__TASK STATEMENT__. Below are records with pictures in them. Output exactly the lines from the one with "Действующими комиссарами SEC" through the one with "o Typically, a", both included, and leave every picture out; give only those lines.

__RECORDS TO USE__.
▶

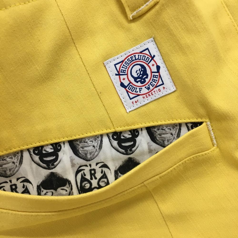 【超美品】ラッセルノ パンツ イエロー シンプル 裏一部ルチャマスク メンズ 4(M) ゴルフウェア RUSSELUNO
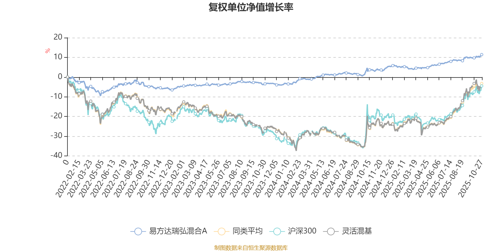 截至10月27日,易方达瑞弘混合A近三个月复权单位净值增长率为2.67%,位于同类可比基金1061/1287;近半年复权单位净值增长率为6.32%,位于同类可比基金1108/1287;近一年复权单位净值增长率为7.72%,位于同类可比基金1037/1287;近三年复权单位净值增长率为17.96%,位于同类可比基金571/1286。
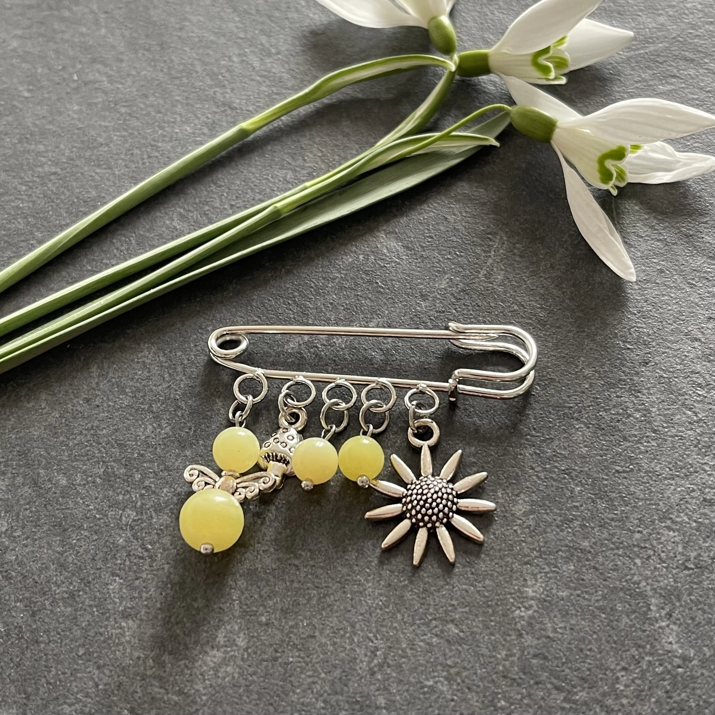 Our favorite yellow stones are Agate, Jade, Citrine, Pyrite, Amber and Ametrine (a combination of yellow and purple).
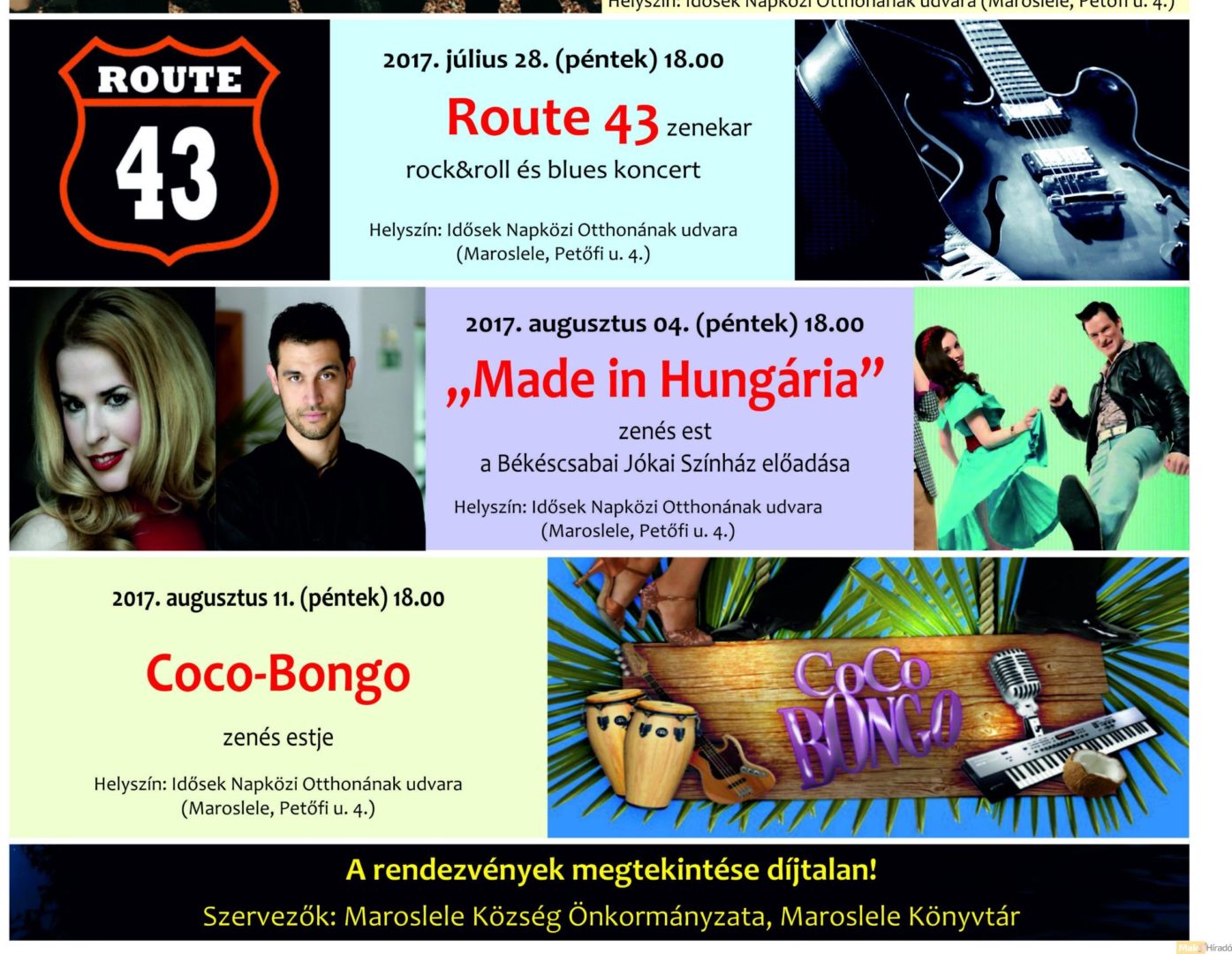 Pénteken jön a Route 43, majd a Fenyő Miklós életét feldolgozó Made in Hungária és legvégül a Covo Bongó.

◀
▶

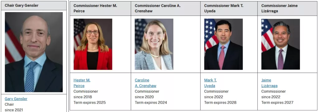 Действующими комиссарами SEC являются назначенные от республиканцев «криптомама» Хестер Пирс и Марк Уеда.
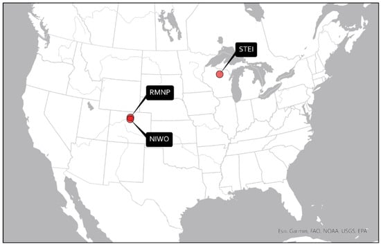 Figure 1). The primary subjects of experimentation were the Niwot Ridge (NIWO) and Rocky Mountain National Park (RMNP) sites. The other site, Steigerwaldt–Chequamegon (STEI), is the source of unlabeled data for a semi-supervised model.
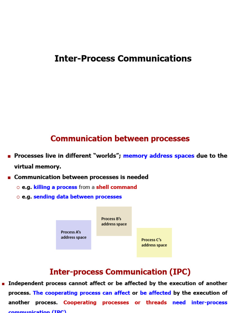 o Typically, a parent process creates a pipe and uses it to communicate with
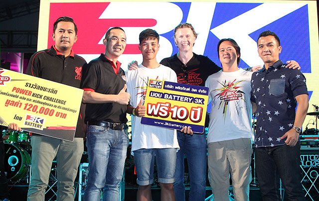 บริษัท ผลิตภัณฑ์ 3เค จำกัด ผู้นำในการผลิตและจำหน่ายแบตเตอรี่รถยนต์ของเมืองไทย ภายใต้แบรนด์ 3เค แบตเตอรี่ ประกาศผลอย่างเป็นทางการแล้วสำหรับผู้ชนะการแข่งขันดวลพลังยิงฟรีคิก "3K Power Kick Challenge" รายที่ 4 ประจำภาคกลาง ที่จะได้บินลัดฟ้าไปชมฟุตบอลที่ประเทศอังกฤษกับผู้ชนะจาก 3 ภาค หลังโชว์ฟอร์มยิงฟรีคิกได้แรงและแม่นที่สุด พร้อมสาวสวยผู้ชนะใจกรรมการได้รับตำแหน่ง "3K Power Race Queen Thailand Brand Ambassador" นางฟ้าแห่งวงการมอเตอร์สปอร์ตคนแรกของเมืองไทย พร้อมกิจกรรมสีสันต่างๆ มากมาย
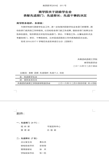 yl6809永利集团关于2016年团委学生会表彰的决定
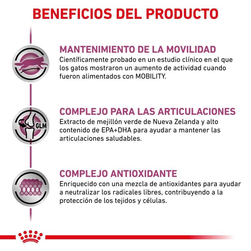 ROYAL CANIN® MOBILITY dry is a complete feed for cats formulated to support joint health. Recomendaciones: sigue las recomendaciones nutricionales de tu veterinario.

◀

__RESPONSE TO THIS EXERCISE__.
 Действующими комиссарами SEC являются назначенные от республиканцев «криптомама» Хестер Пирс и Марк Уеда.
 Figure 1). The primary subjects of experimentation were the Niwot Ridge (NIWO) and Rocky Mountain National Park (RMNP) sites. The other site, Steigerwaldt–Chequamegon (STEI), is the source of unlabeled data for a semi-supervised model.
 o Typically, a parent process creates a pipe and uses it to communicate with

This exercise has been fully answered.